Ainda falta um bom bocado para Paialvo. Mas, agora, são
longas as rectas até Riachos, Entroncamento e Lamarosa. E, ou o novo cartão se
perdeu, ou já ficou desenhado tudo o que era para desenhar.
Chegado a Paialvo, algum «carro do Campião» o terá levado
até Tomar. Então os solavancos do trote das cavalgaduras pela estrada
esburacada é que rabiscos no papel impediram.

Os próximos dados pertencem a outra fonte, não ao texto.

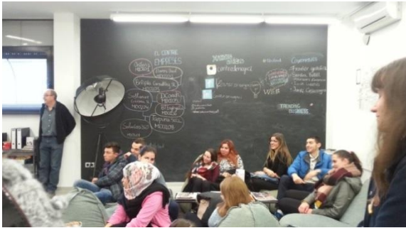
Visita "El Centre" - Eix de negoci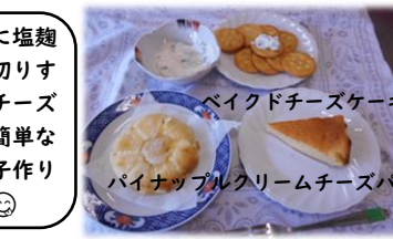
バイクドチーズケーキ パイナップルクリームチーズパイ

無糖ヨーグルトに塩麹を入れて混ぜ水切りすると、クリームチーズになるんです!簡単なので料理やお菓子作りにも使えますよ😊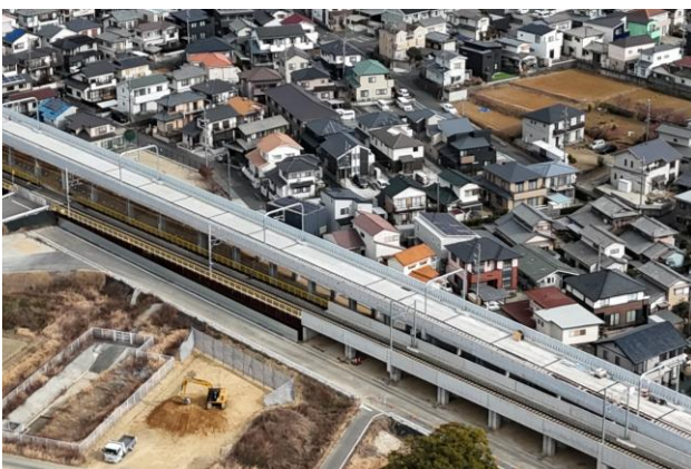
若林高架知立方 本線および仮線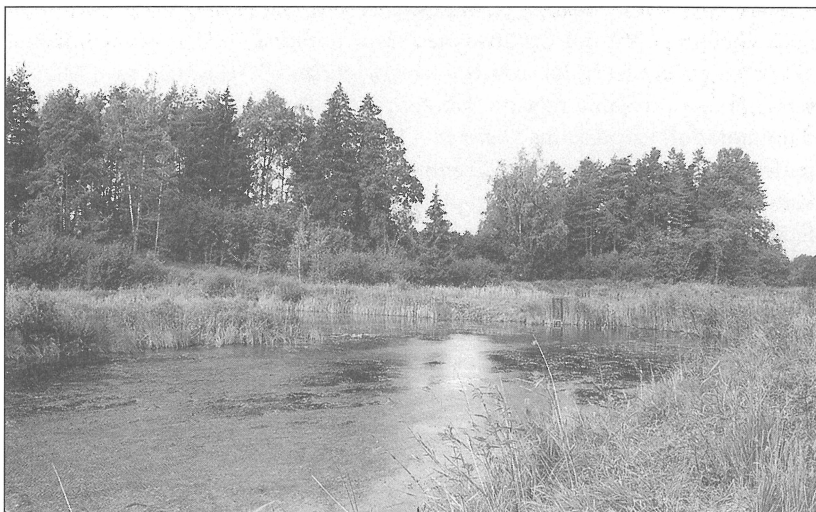
3. att. Cibēnu Elkus kalns (pa kreisi), Cepures kalns (pa labi) un aizaugušais Balziena ezers (priekšplānā).

Cibēnu mājas mūsdienās vairs nepastāv. Tās atradušās līdzās Cepures kalnam, kas tagad apaudzis kokiem (1.,3. att.). Virs aizaugošā Balziena ezera līmeņa kalns izceļas par astoņiem metriem, virs tuvākās apkārtnes ziemeļos un rietumos – par sešiem metriem. Visās pusēs kalna nogāzes ir stāvas; vistāvākais kalns ir pret dienvidaustrumiem. Kalna nedaudz kumpā, bet tomēr izlīdzinātā virsma, kuru varētu saukt arī par plakumu, ir nedaudz iegarena ziemeļrietumu dienvidaustrumu virzienā. Plakuma malās ir vairākas II Pasaules kara laika tranšejas un citi rakumi. Kalna pakājē ir vairākas no lauka novākto akmeņu kaudzes. Ziemeļrietumu nogāzē par vairākiem metriem ierakta lielāka bedre, šķiet, aizsākums grants ņemšanai. Līdzās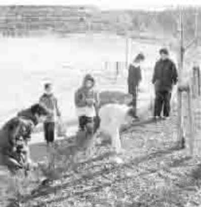
早朝から汗を流し作業する塩山スポーツクラブのみなさん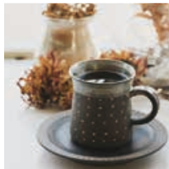
応募作品イメージ

長瀬ラインくだりのある風景の写真や長瀬ラインくだりの魅力が伝わる作品 ※こたつ舟を含む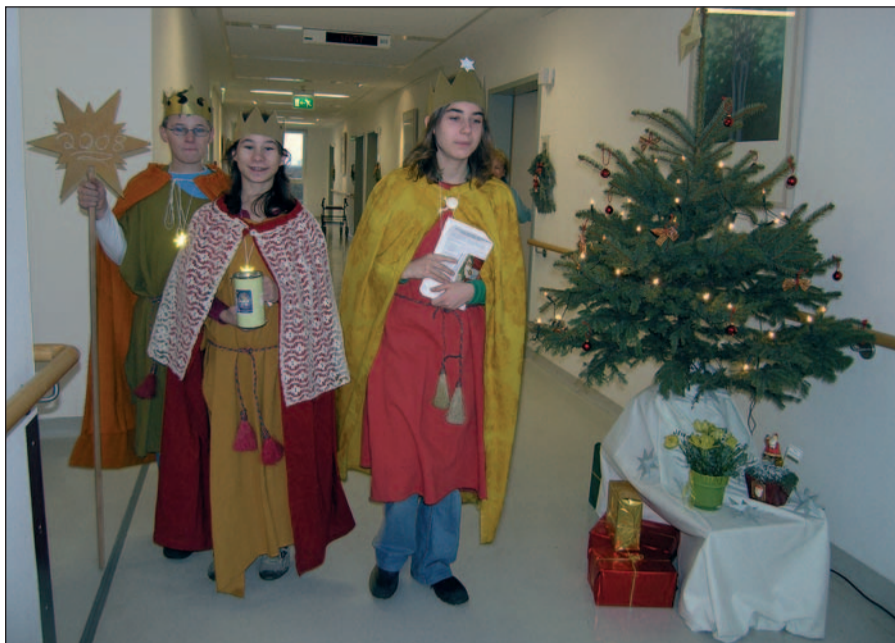
Sternsinger der Pfarrei St. Peter und Paul bei ihrem Besuch im Malteser Krankenhaus St. Anna.

Am Samstag, dem 5. Januar haben die Sternsinger der Pfarrei St. Peter und Paul aus Duisburg-Huckingen das Malteser Krankenhaus St. Anna besucht. Drei Gruppen brachten den Segen „Christus mansionem benedicat – Christus segne dieses Haus“ zu allen Patienten und Mitarbeitern des Krankenhauses.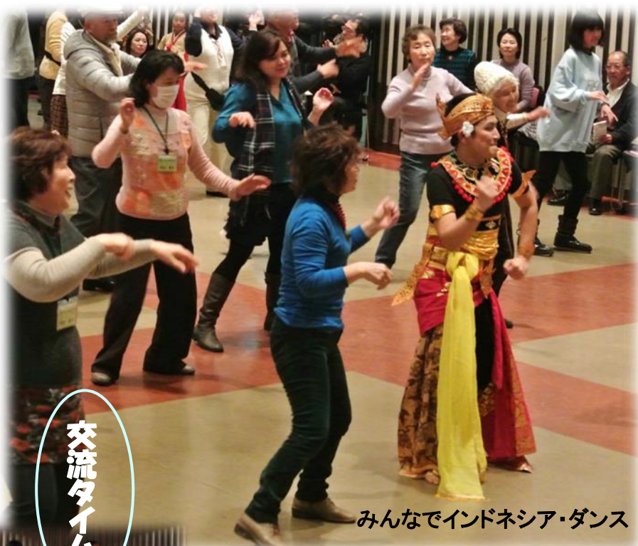
みんなでインドネシア・ダンス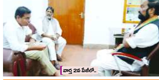
వారా 2వ పేజీలో..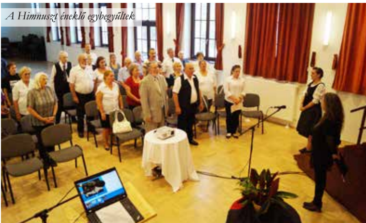
A Hymnusz éneklő egybegyűlék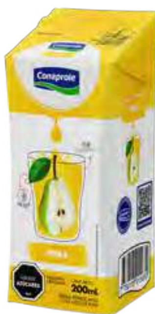
Jugo Pera Cont. Neto 250 ml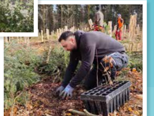
DELTA Zofingen AG pflanzt 950 Bäume. Mit diesem Projekt wollen wir unseren ökologischen Fussabdruck verbessern und einen Beitrag zur regionalen Nachhaltigkeit leisten.

Mit der Gründung der DELTA Academy bieten wir umfassende interne Schulungen und Weiterbildungen an.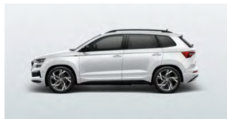
Biela Moon, metalická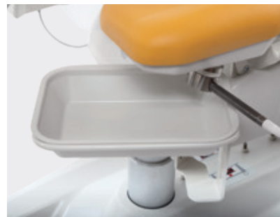
Recipiente de plástico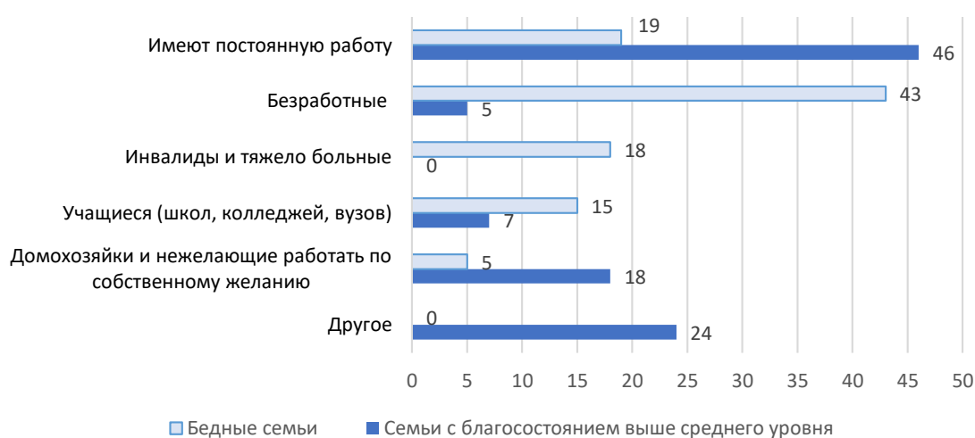
Рис.4. Состав семей по статусу занятости, в % от общего количества членов семьи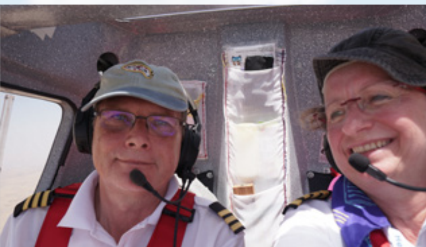
In Afrika fliege man am besten mit Streifen auf der Schulter – wurde uns gesagt. So könne man sicher sein, mit dem Respekt behandelt zu werden, den eine Pilotin verdient. Ob es geholfen hat? Keine Ahnung. Aber wir wurden nie mit Passagieren verwechselt.

Nun hatten wir Ferien vom Ramadan. Mit dem Mietwagen erkundeten wir die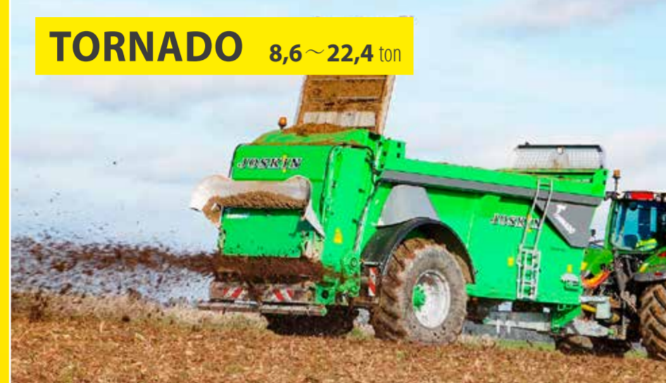
TORNADO 8,6~22,4 ton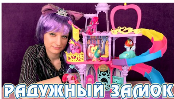
Обзор игрового набора My Little Pony - Радужный замок Принцессы Твайлайт Спаркл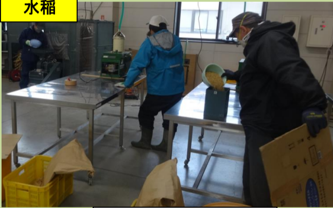
系統別の脱穀、脱芒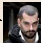
Junior Artista para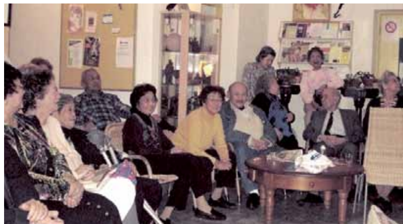
Bij Stichting de Brug.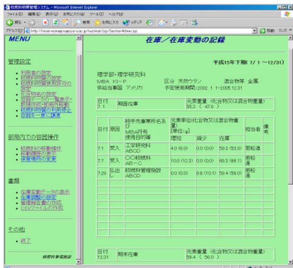
図 3. 在庫変動記録の閲覧

Por certo em Tomar haveria de ficar essa noite. Em casa
do Pinto, ora bem. No dia seguinte, ou noutro qualquer, logo teria diligência
que o levasse, serra acima, até Figueiró… Abraços ao «Manel», cumprimentos à mulher, beijinhos aos
pequenos. Muita conversa e todas as novidades.

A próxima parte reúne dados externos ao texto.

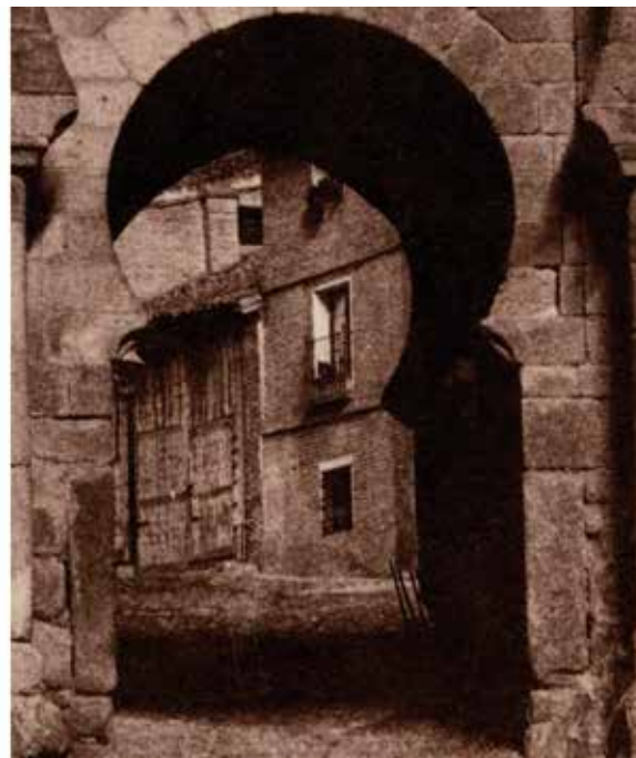
10. Puerta del sol , detalles de la vista a través de la puerta: daguerrotipo, col. David Blasco y Lola Toledo; calotipo, Gustave de Beaucorps, 1858

clamada por la Comisión de Monumentos de la Academia de San Fernando, que tuvo muchos problemas, desde que se hizo cargo de ella en 1857. Dicha restauración se inició en el año 1864 (llegándose a colocar andamios que se desmontaron sin usar) (GRACIA MARTÍN, 2008: 193, 263-67) y finalmente se llevó a cabo a lo largo de 1867, como informa la prensa toledana 29 .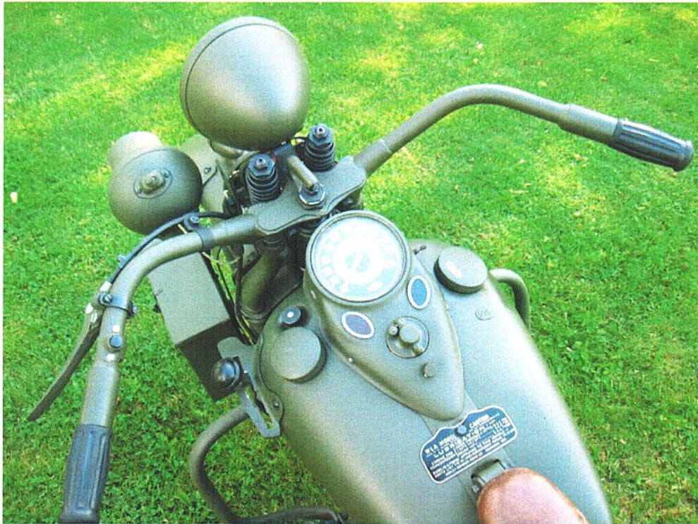
Vaade sõiduki juhtimisseadmetele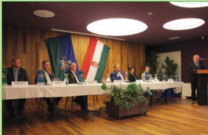
A fenyvesi képviselő-testület alakuló ülése

A várakozás idején, amikor a kampány időszakát éltük, mosolyogtató volt az a heves tenni akarás, amit a közösségi oldalakról felénk közvetítettek – mi ebben az esztendőben ebből szerencsére ki-maradtunk, nem volt versengés, illetve nem volt az „mindent egy lapra” jellegű. Persze ezzel nyertünk mindnyájan, Önök, Balatonfenyves, s természetesen én is, nyugodtan megkezdhattük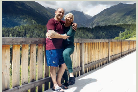
La grande terrasse offre de l'espace supplémentaire aux occupants.

Le modèle coopératif a fait ses preuves : grâce à lui, la spéculation n'a pas de prise sur ces logements.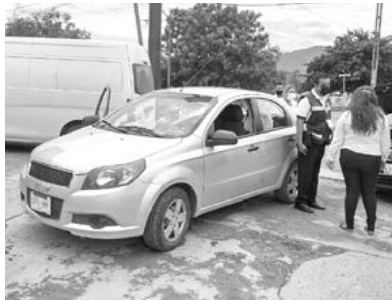
LA CONDUCTORA del Aveo quiso hacer su buena obra del día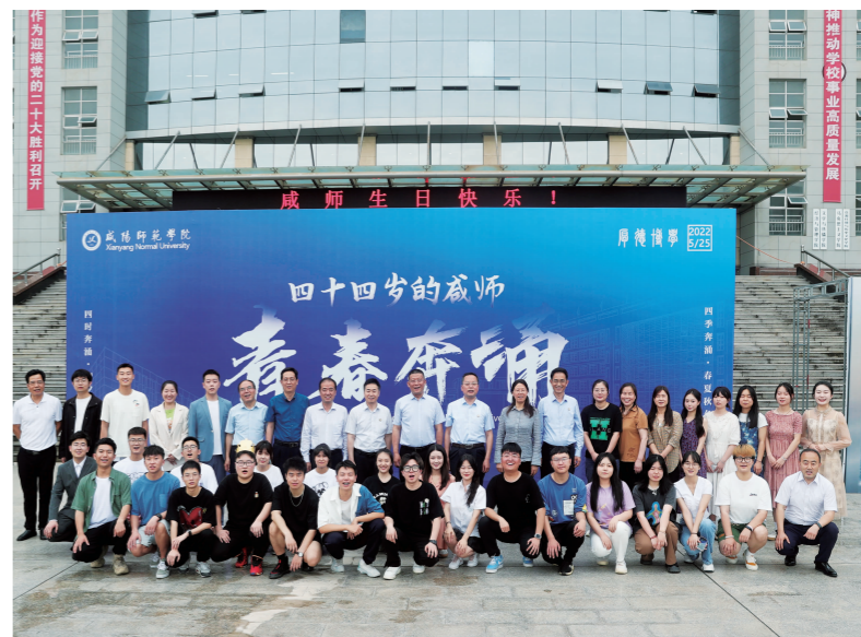
“我与学校同庆”主题活动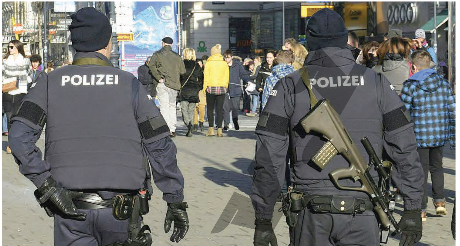
● Românilor a primit îngrijiri la fața locului

UN INDIVID A ATACAT CU UN CUȚIT ● CERCETĂRI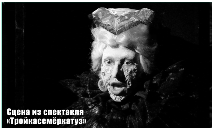
Сцена из спектакля «Тройкасемеркатуз»

Это жутковатая и в чём-то сюрреалистическая комедия, в основе которой – разноязычие. Главного героя Германна окружающие не понимают в буквальном смысле: он немец и весь спектакль он говорит по-немецки. Спектакль из Кишинёва – яркая театральная фантазмагория, перекликающаяся с сегодняшним временем.

Ainda nesse mesmo dia, talvez enquanto esperava que M.H.Pinto
desse umas quantas lições, mais um desenhito junto à Ponte Velha - «Margens do
Nabão, Thomar. 10 Abil 92». Os salgueiros, os choupos, os chorões deviam estar lindos, todos a rebentar... E mais um lampião, uma chaminé e outra coisa
qualquer…
Figueiró podia esperar.
[1] Disto falaremos para a próxima… com as
batatas de Sua Majestade.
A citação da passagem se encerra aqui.